Jak już pisaliśmy, w Porszewicach, na terenie należącym do kurii biskupiej w Łodzi, powstaje kopalnia piasku. W tym celu wykarczowano już 10 hektarów lasu.

Wójt gminy Marcin Wieczorek wydał na to zezwolenie, bo w planach zagospodarowanie przestrzennego gminy teren ten przeznaczono na cele przemysłowe.

– Poza tym to nie jest las, a dzikie samosiejki na nieużytkach rolnych – tłumaczy wójt.- Ja się nie upieram przy tej decyzji. Jeśli Samorządowe Kolegium Odwowałcze orzeknie inaczej nie będa sie odwoływał.

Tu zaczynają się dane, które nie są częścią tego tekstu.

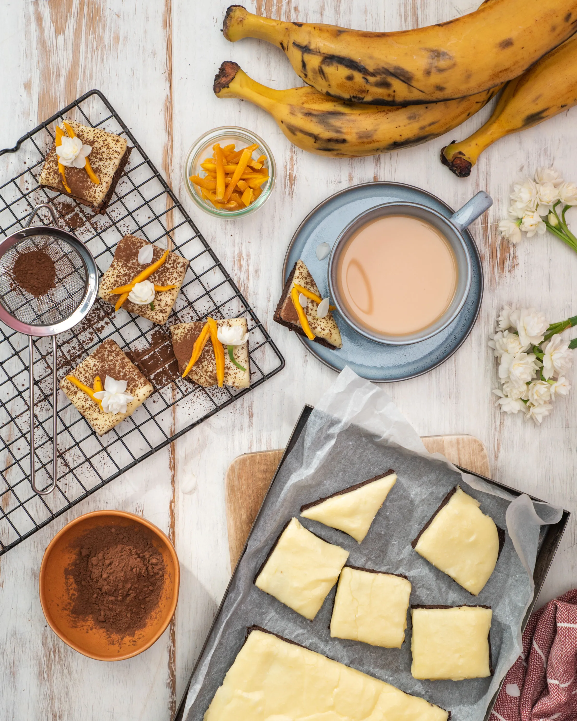 5. Allow to completely cool in the pan before spreading over the mango frosting, dusting with the extra cocoa powder and sprinkling with the chopped mango.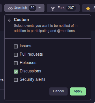To easily follow and subscribe to all future announcements, you can use the "Watch" feature in GitHub with a custom subscription to the "Discussions". This button is in the top right of the repo page, it either says "Watch" or "Unwatch". Then you can click "Custom" in that drop down menu and make sure to check the box for "Discussions".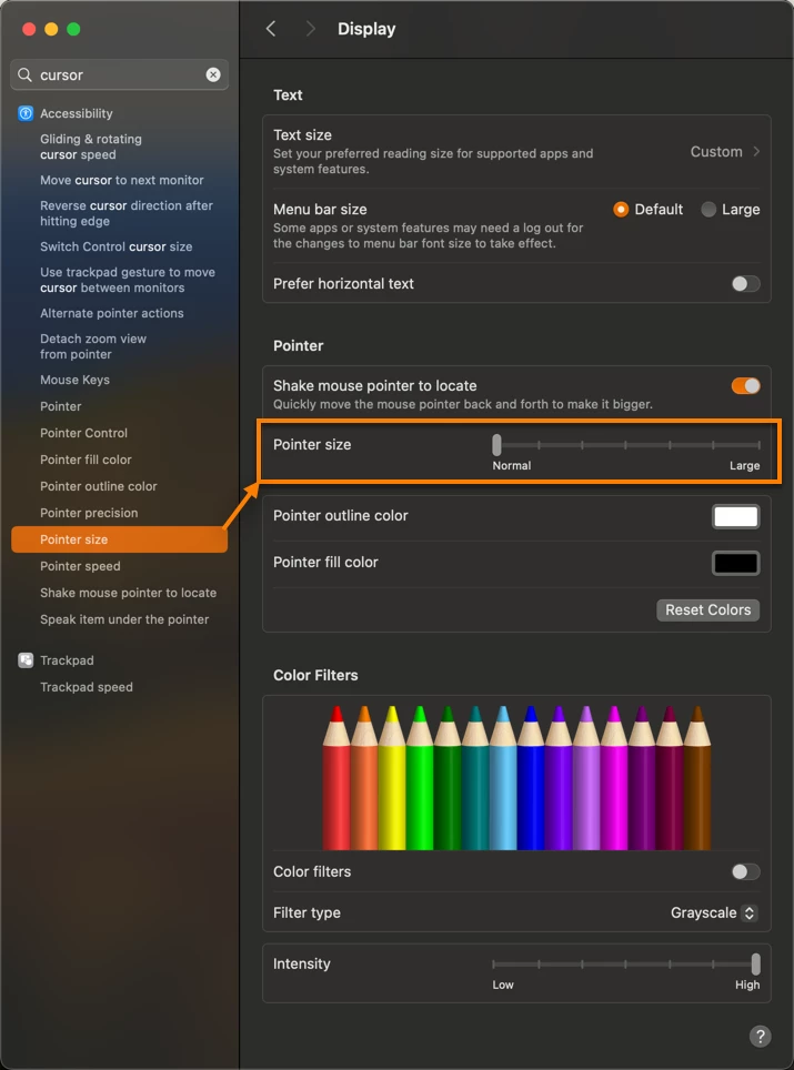 Or play with Pointer Size in Apple menu > System Settings which impacts the cursor size, but nothing else. I'm thinking this is what you're looking for.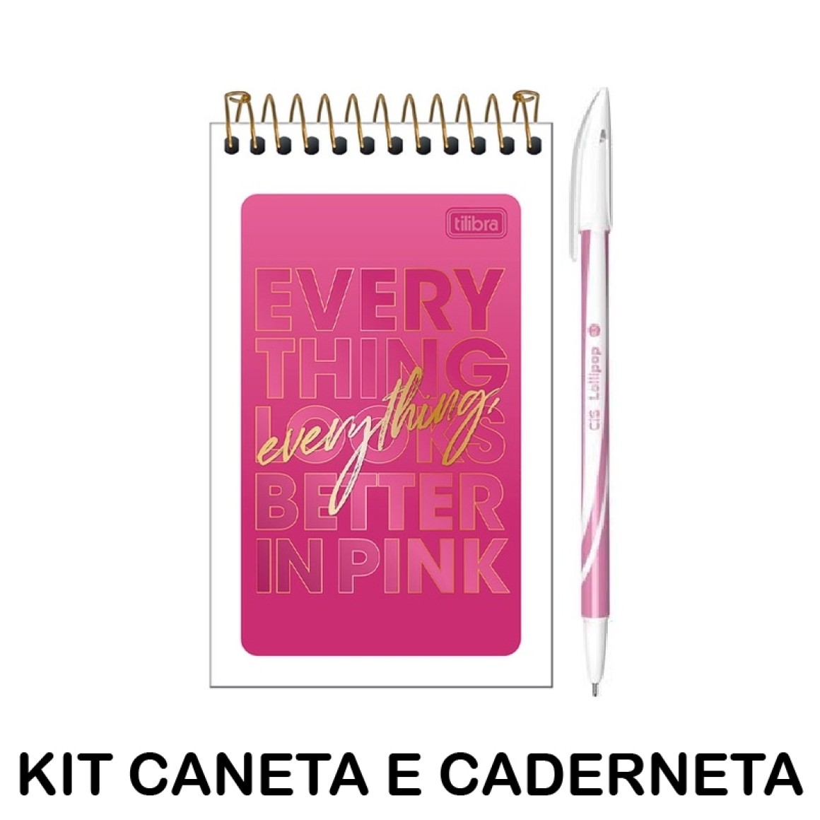 KIT CANETA CIS LOLLIPOP 0.5 ROSA + CADERNETA ESPIRAL CAPA FLEXÍVEL TILIBRA LOVE PINK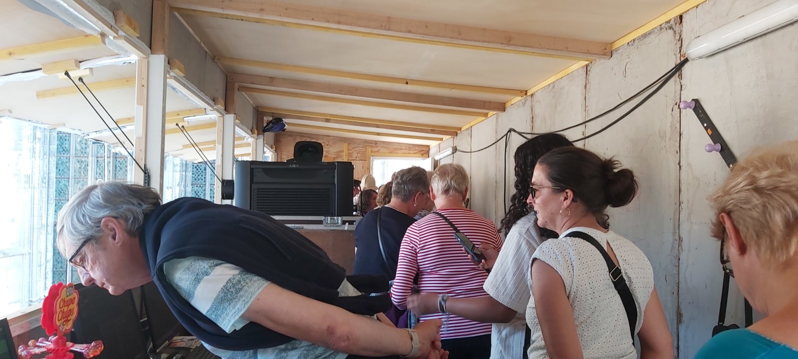 Nous commençons par la visite des coulisses du spectacle historique, accompagnés par plusieurs bénévoles. Ils nous montrent l’envers du décor : les lieux de stockage des très nombreux costumes et accessoires, l’équipe qui gère les enfants, notamment les plus jeunes. Ils nous expliquent le déroulement étape par étape du spectacle. Quelle formidable organisation !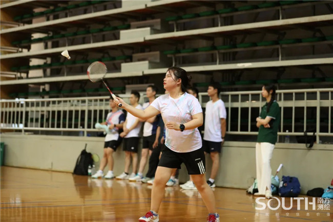 运动会在华南师范大学体育馆举行,现场气氛热烈。运动会比赛项目丰富多样,既有传统的篮球、羽毛球、乒乓球、跳绳等项目,也有趣味横生的十人九足、团体跳绳、拔河比赛等。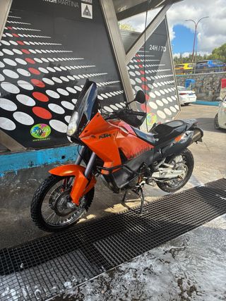 Moto KTM 690 Enduro con muchos extras : Dos depositos Dos escapes Estribera rally Regulador , kit embrague kit cadena nuevos. Dos asientos. Soportes trasero y para dos maletas... Sin extras 3600, con 3950 - Estilo de moto de enduro-trail. - Color naranja y negro con detalles blancos.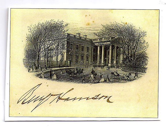 Until now, I have not seen one example of the vignette of the front approach signed and dated by Harrison as President.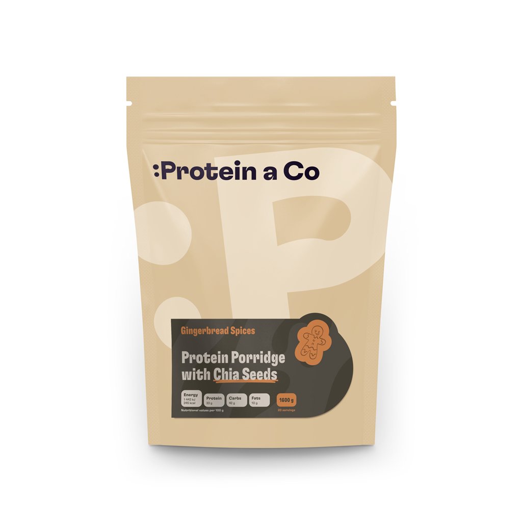 Gingerbread spices: płatki owsiane (min. 40%), koncentrat białka serwatkowego 80% (min. 28%), nasiona chia (min. 5%), organiczny cukier kokosowy, mleko w proszku, przyprawy piernikowe (cynamon, goździki, kolendra, fenkuł włoski, anyż), ziele angielskie, kwiat muszkatołowy, gałka muszkatołowa, anyż gwiaździsty w różnych proporcjach)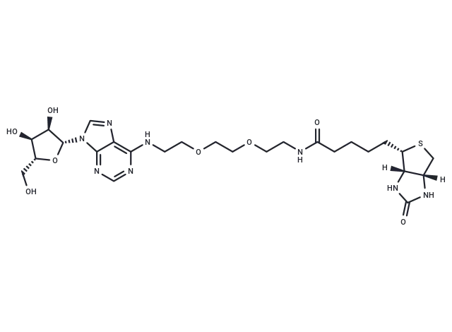 – Adenosine 2′-PEG-Biotin, a bioreagent derived from adenosine, modulates cellular signaling pathways by mimicking the action of endogenous adenosine and binding to its receptors. This compound is used in research related to bioprobes, biosensors, and diagnostic agents.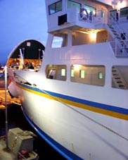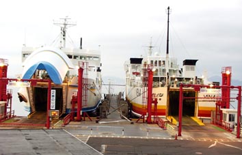 2. 「あさかぜ5号 Asakaze No.5」があんぐりと船首部を開けて大型貨物長距離トラックなどを次々と飲み込んで行く。 [拡大画像: x16838.jpg]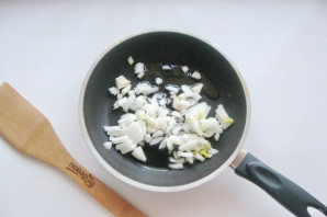 Репчатый лук очистите, помойте и мелко нарежьте. Выложите в сковороду. Налейте 20 мл. рафинированного подсолнечного масла и слегка поджарьте лук до прозрачности.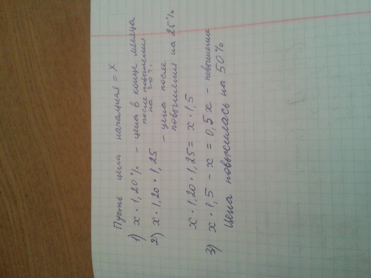 В течение месяца цена на товар повысилась на 20%, а затем еще на 25%. На сколько процентов всего повысилась первоначальная цена товара?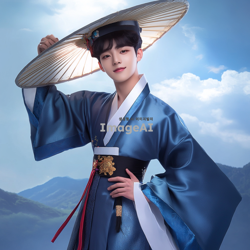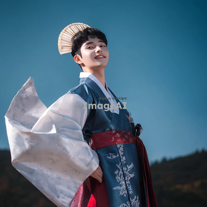 한국의 전통 의상을 입은 젊은 남성 캐릭터, 밝은 미소와 함께 자신감 넘치는 포즈, 배경은 아름다운 한국의 자연 풍경, 푸른 하늘과 산, 따뜻한 햇살이 비치는 모습, 세련된 헤어스타일과 현대적인 액세서리, 친근하고 매력적인 분위기, 생동감 넘치는 색감.

Mieszkańcy Porszewic oraz proekologiczni działacze chcą ochronić naturalne środowisko przed degradacją i kontynuują swój protest.

Dziś o godzinie 14.00, w Urzędzie Gminy przy ul. Torowej przeciwnicy budowy kopalni mieli się spotkać z wójtem Wieczorkiem. Na facebooku zachęcano do udziału w spotkaniu wszystkich, którym ta sprawa nie jest obojętna.

Chcieli zapytać wójta dlaczego nikt z nimi tego nie konsultował. do niego. Takie konsultacje uważamy za konieczne – pisali organizatorzy.

Jak ustaliło Życie Pabianic decyzja wójta o zezwoleniu na budowę trafiła do Samorządowego Kolegium Odwoławczego. Orzeczenie jeszcze nie ma w tej sprawie.